• EXERCISE
Beginning with the line that holds "[Taliwang, 6 Oktober" and finishing with the line that holds "확실한 실루엣 차이가", repeat the listing exactly, leaving every picture out.

• MATERIAL PROVIDED

BEGIN

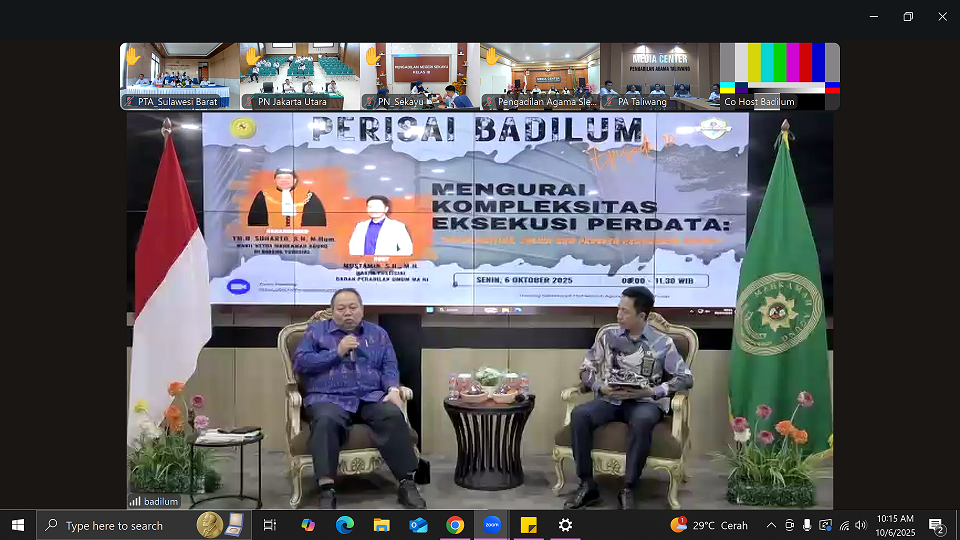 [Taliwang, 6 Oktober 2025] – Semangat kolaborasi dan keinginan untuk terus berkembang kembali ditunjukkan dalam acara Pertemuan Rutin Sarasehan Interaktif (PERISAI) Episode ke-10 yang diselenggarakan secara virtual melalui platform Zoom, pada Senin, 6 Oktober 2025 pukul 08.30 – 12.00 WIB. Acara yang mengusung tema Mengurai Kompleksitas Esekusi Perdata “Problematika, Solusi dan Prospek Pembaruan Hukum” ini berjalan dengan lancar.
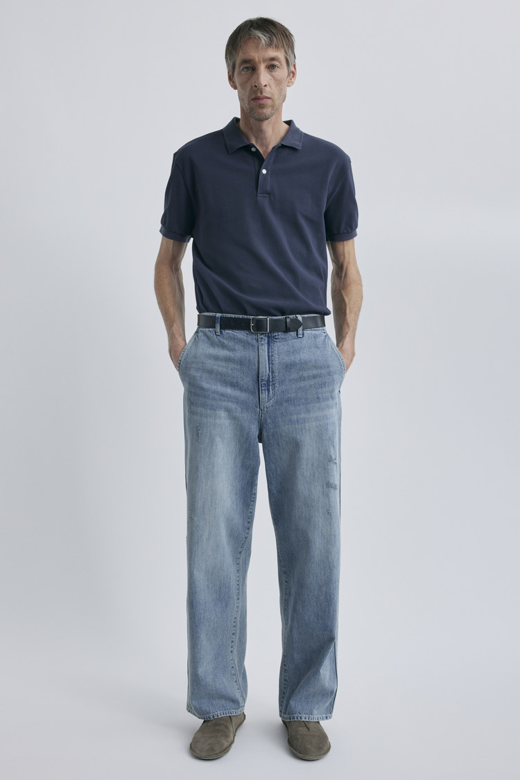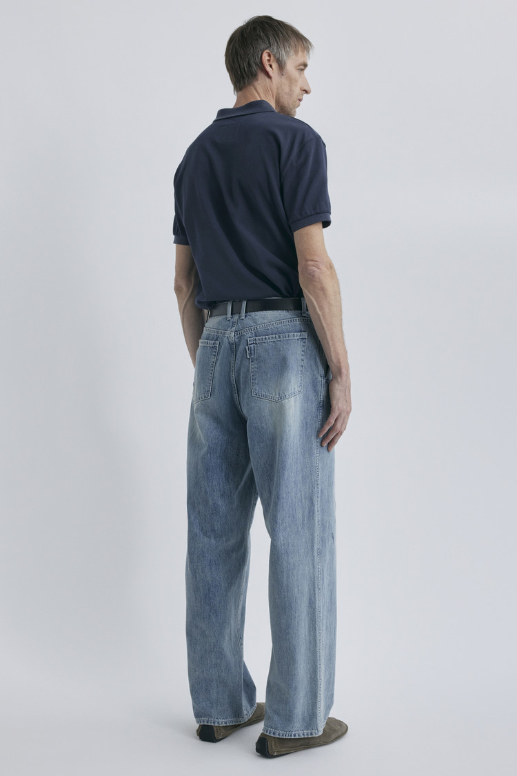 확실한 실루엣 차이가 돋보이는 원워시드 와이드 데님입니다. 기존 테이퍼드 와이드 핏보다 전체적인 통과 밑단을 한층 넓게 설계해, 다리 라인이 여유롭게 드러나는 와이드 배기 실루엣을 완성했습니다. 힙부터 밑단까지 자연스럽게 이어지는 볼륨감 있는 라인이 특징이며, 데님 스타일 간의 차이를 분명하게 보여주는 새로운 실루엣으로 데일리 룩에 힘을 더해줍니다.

END
BEGIN

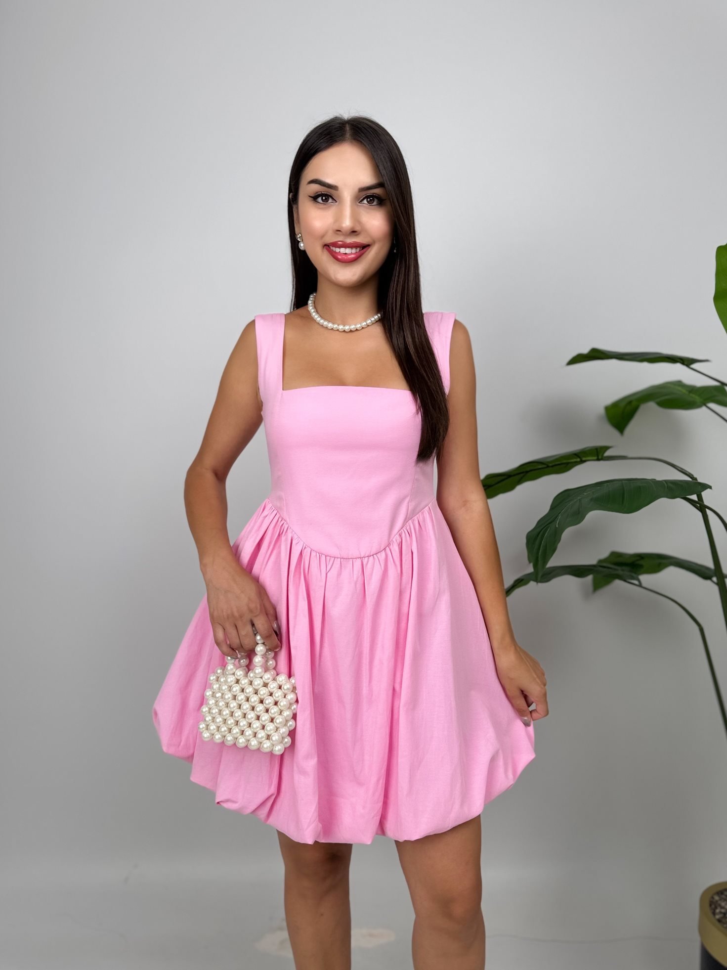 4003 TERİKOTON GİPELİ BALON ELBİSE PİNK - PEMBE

END

• ANSWER FOR THE TASK
 [Taliwang, 6 Oktober 2025] – Semangat kolaborasi dan keinginan untuk terus berkembang kembali ditunjukkan dalam acara Pertemuan Rutin Sarasehan Interaktif (PERISAI) Episode ke-10 yang diselenggarakan secara virtual melalui platform Zoom, pada Senin, 6 Oktober 2025 pukul 08.30 – 12.00 WIB. Acara yang mengusung tema Mengurai Kompleksitas Esekusi Perdata “Problematika, Solusi dan Prospek Pembaruan Hukum” ini berjalan dengan lancar.
 확실한 실루엣 차이가 돋보이는 원워시드 와이드 데님입니다. 기존 테이퍼드 와이드 핏보다 전체적인 통과 밑단을 한층 넓게 설계해, 다리 라인이 여유롭게 드러나는 와이드 배기 실루엣을 완성했습니다. 힙부터 밑단까지 자연스럽게 이어지는 볼륨감 있는 라인이 특징이며, 데님 스타일 간의 차이를 분명하게 보여주는 새로운 실루엣으로 데일리 룩에 힘을 더해줍니다.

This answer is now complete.